Exercise description: The result is the exact lines from the one containing "El Instituto Nacional" through the final line of the entries; leave out the pictures.
Segment Start: Listed entries
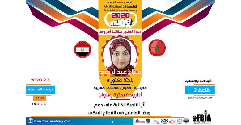 تتشرف اكاديمية #بناة_المستقبل الدولية #FBIA برئاسة الدكتورة “مها فؤاد” أم المدربين العرب ومطورة الفكر الإنساني ورئيسة جريدة عالم التنمية، بدعوة جميع الباحثيين وأصحاب العلم للمشاركة في الملتقي الدولي الحادي عشر للتدريب والتنمية بتاريخ ( 5 سبتمبر2020 )، لمناقشة الدراسة العلمية لباحثة الدكتوراه ” سناء عبدالرحيم” من المملكة المغربية بكلية العلوم الإنسانية (لجنة التنمية البشرية / الذاتية ) عبر الغرفة الإلكترونية بالصوت والصورة بقاعة (2) ، تحت عنوان ” أثر التنمية الذاتية على دعم ورضا العاملين في القطاع البنكي ” .
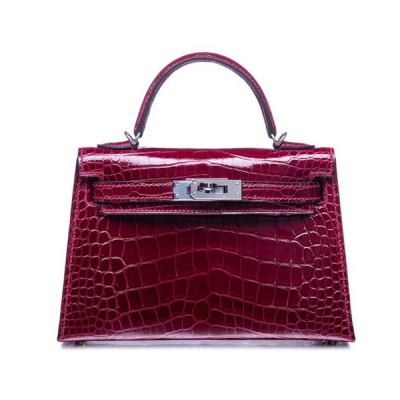 Hermes Mini Kelly 2 Crocodile Leather Tote Shoulder Bag , - 에르메스 미니 켈리 2 크로커다일 레더 여성용 토트 숄더백 HERB0021,와인
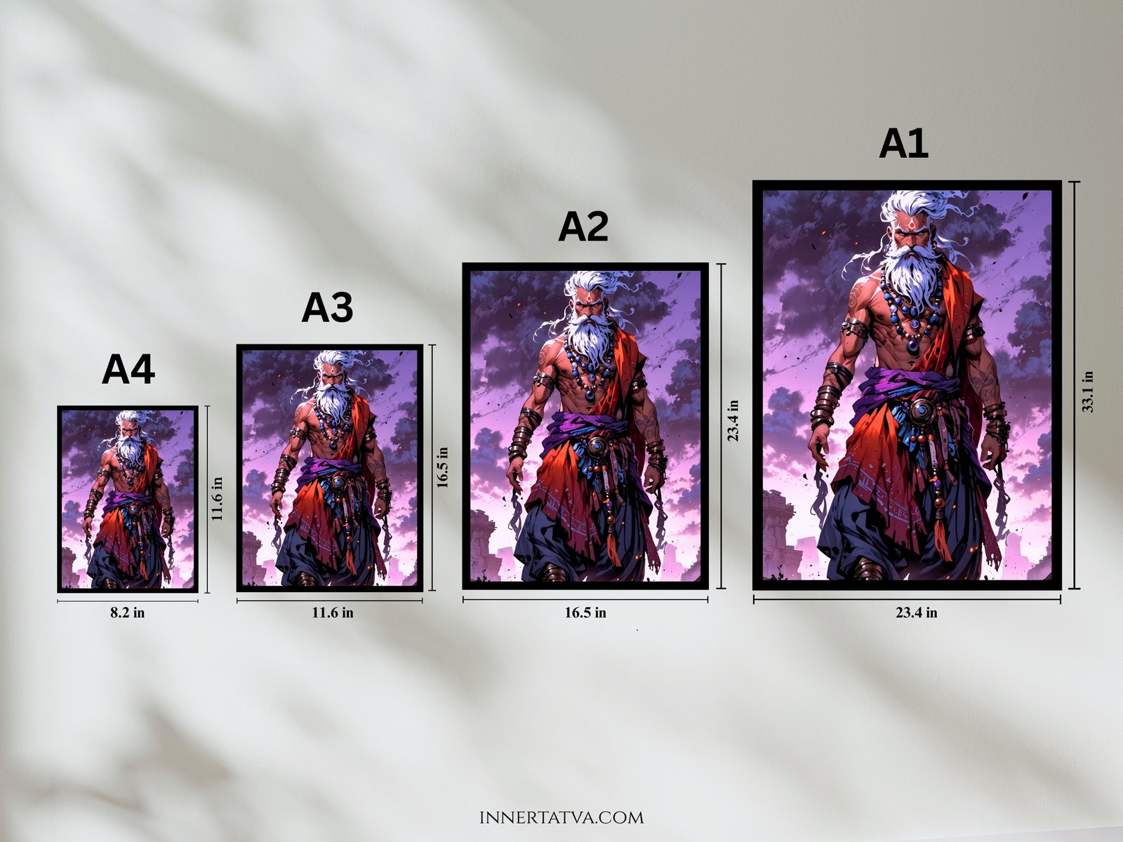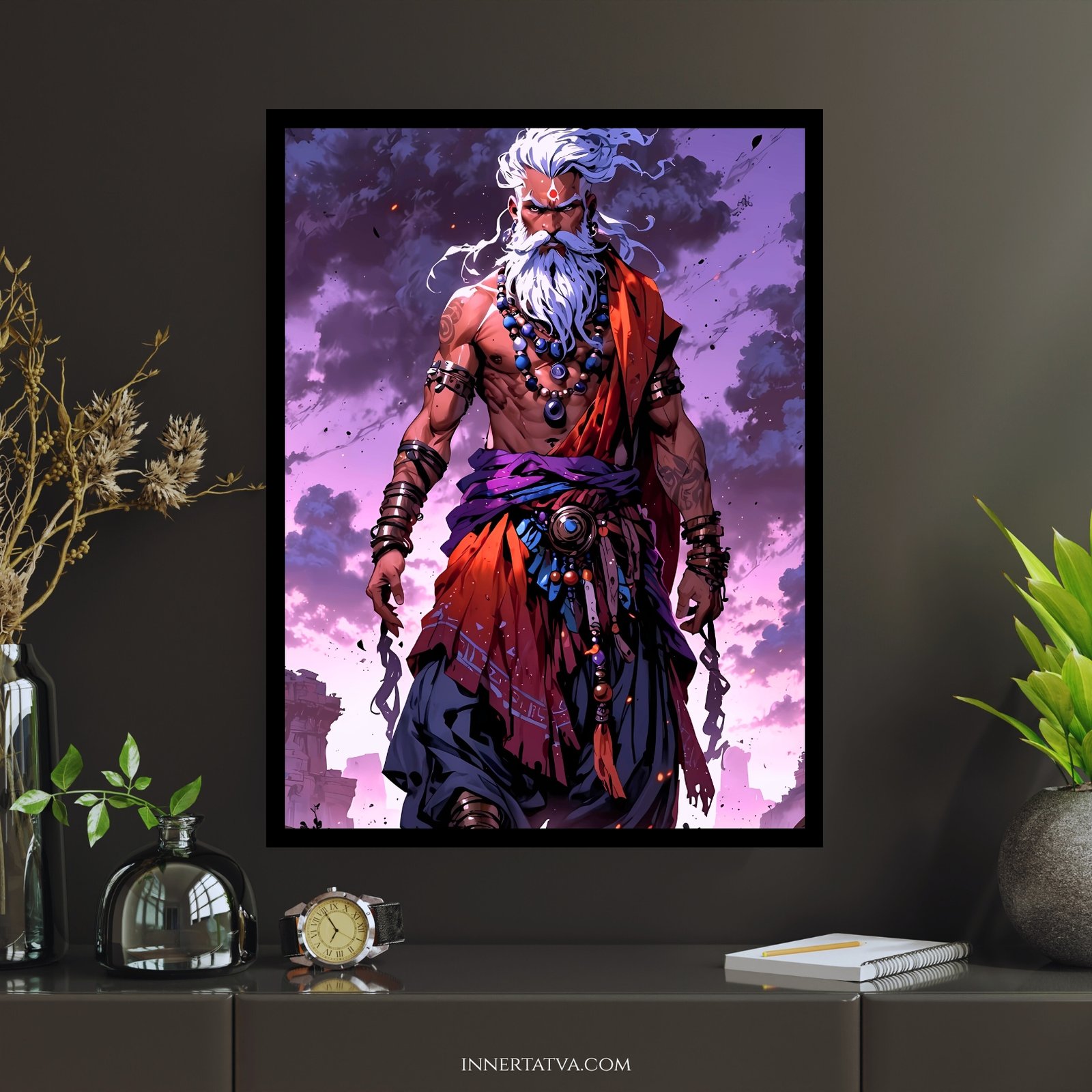 • High-Quality Anime Artwork – Striking anime-inspired portrayal of Ved Vyasa with a muscular divine form, flowing beard, and dramatic sky backdrop.
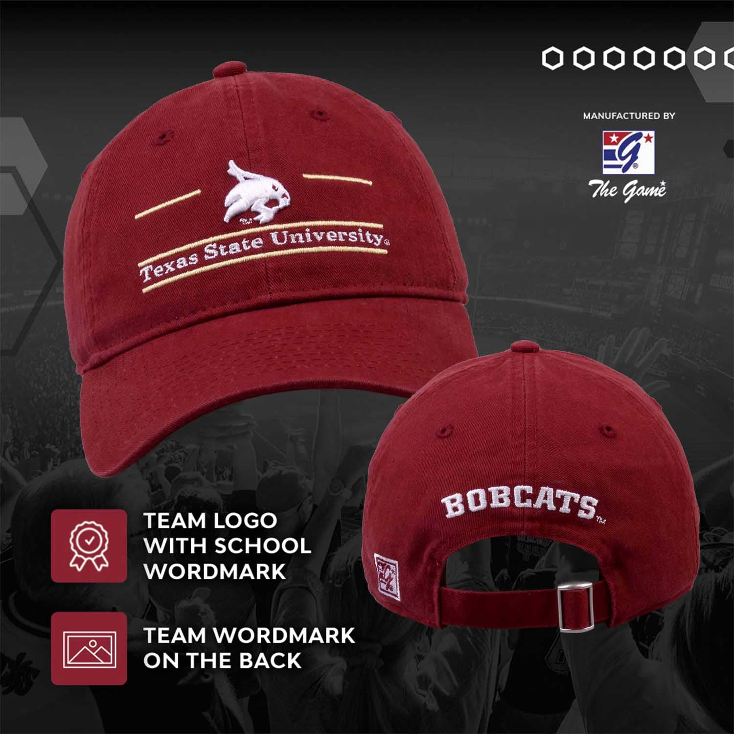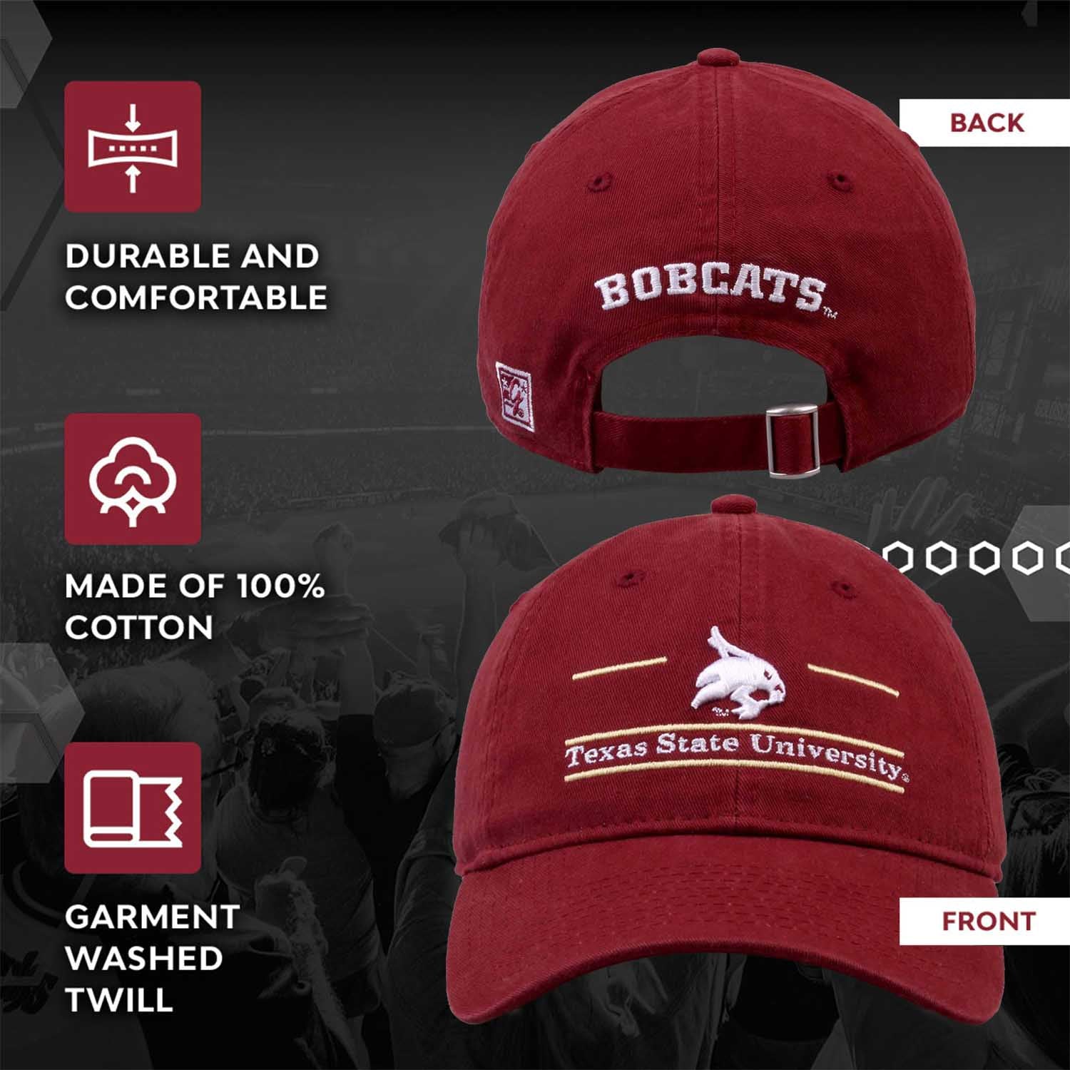 Looking for a way to support your team? Try this Texas State Bobcats game bar hat! These Texas State Bobcats caps are made from 100% garment-washed cotton twill. This Texas State hat also features a relaxed and unstructured design, making it a perfect Texas State Bobcats fitted Bobcats hat. It boldly displays the Texas State Bobcats embroidered logo so you can represent the Texas State. In addition, the Texas State Bobcats logo with the school wordmark is on the front of the hat in a bar design. The team wordmark is on the back of the Bobcats baseball cap. This gameday hat has a metal closure to ensure an adjustable size. Wear these caps for women and men along with your favorite Texas State clothes, clothing & apparel. These ball caps for men and women are the perfect Texas State Bobcats gifts for men. Buy one for yourself, your dad, or any fan. Whether tailgating at Texas State football games or cheering from home, show your team pride by wearing your Texas State gear with your Texas State cap.
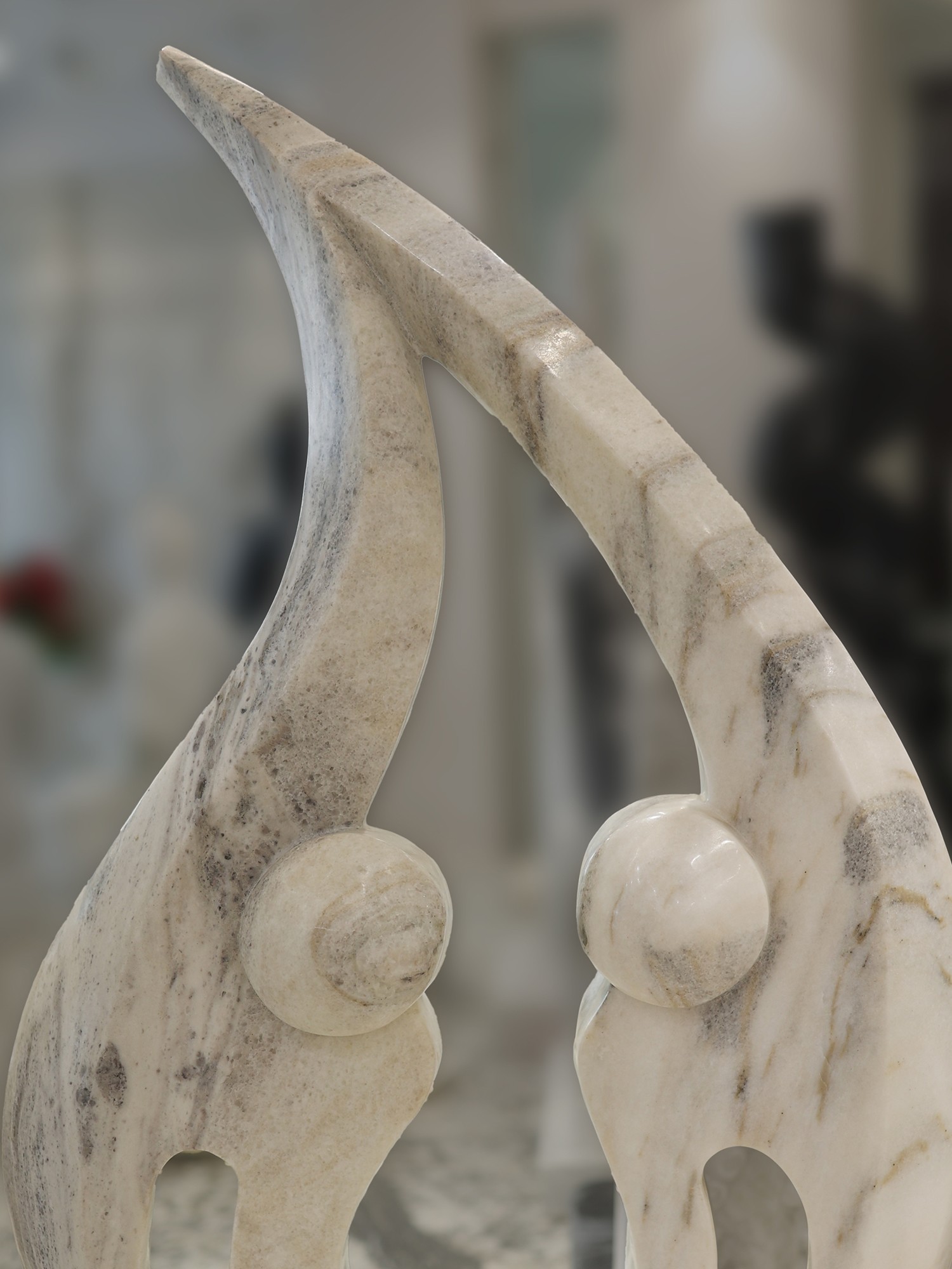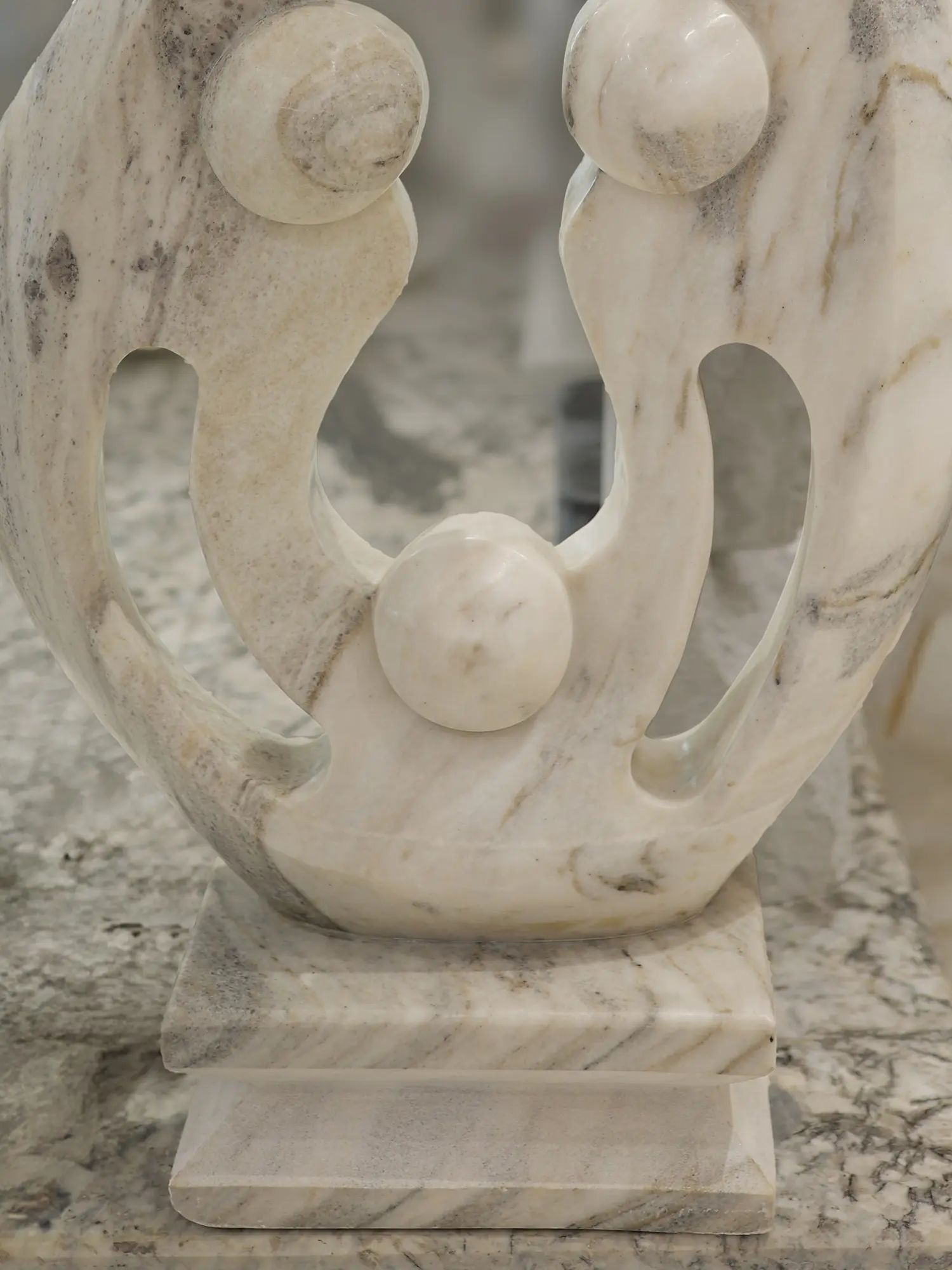 This magnificent sculpture, crafted from exquisite natural white marble, is a testament to the enduring power of family bonds. Standing tall and commanding attention, its graceful, abstract form evokes a sense of fluidity and organic growth, reminiscent of a protective embrace. The artist has masterfully captured the essence of familial connection, portraying a sense of unity and mutual support through the interplay of flowing lines and rounded forms. The dynamic curves suggest movement and life, while the placement of spherical elements within the structure signifies the interconnectedness of individuals within a family unit. ––––––––––
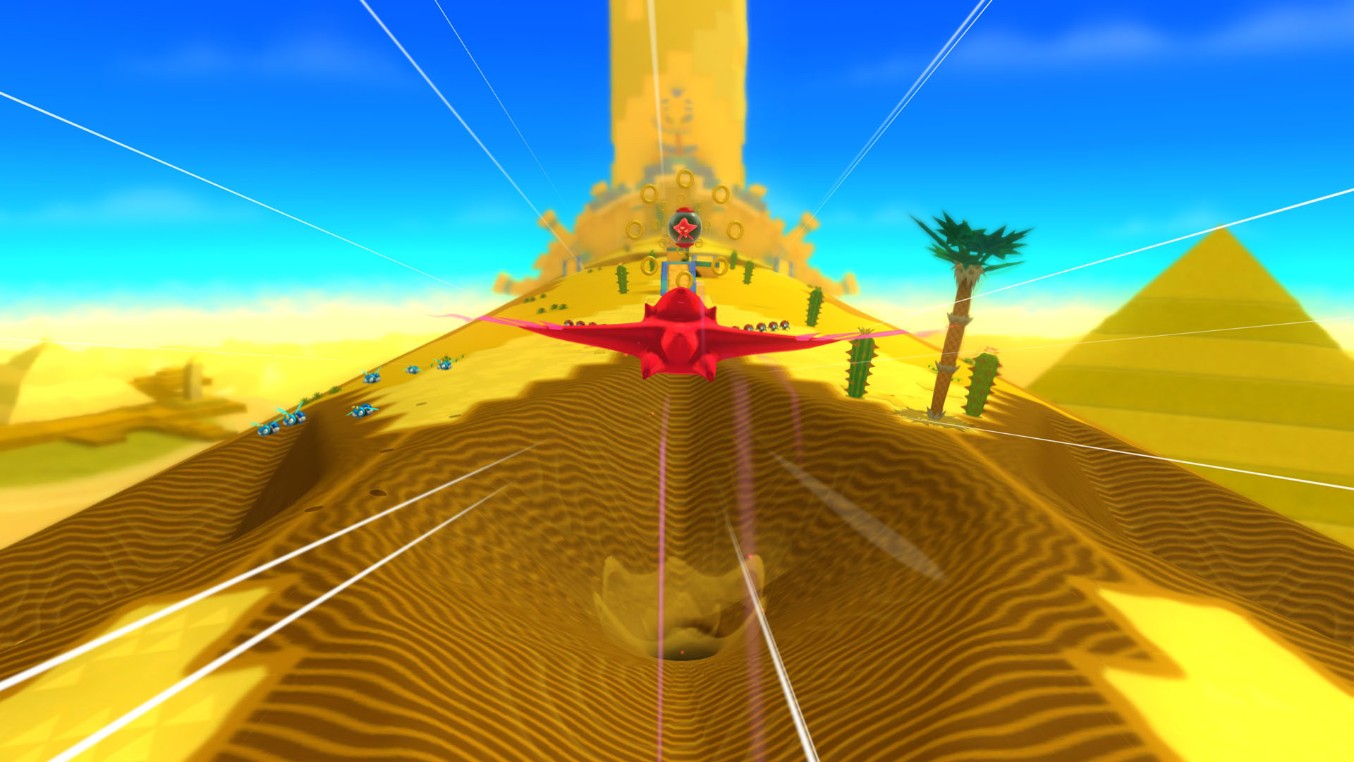 索尼克將可藉由「緋紅威斯普」的力量化身為鷹隼在空中飛舞,高速地在空中自在翱翔!享受至今從未有過飛行快感。使用 Wii U遊戲平板的陀螺儀機能的話,便可透過更具直覺性的操作來自由飛行!
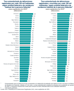 El Instituto Nacional de Estadística y Geografía (INEGI) da a conocer las cifras preliminares de las Estadísticas de Defunciones Registradas (EDR) que corresponden al periodo de enero a septiembre de 2025. Los datos que integran las EDR los suministraron 4 700 fuentes informantes.
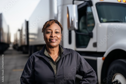 Portrait of a African American middle aged body positive female truck driver with infront of a truck in USA
Segment End: Listed entries
Written reply:
 El Instituto Nacional de Estadística y Geografía (INEGI) da a conocer las cifras preliminares de las Estadísticas de Defunciones Registradas (EDR) que corresponden al periodo de enero a septiembre de 2025. Los datos que integran las EDR los suministraron 4 700 fuentes informantes.
 Portrait of a African American middle aged body positive female truck driver with infront of a truck in USA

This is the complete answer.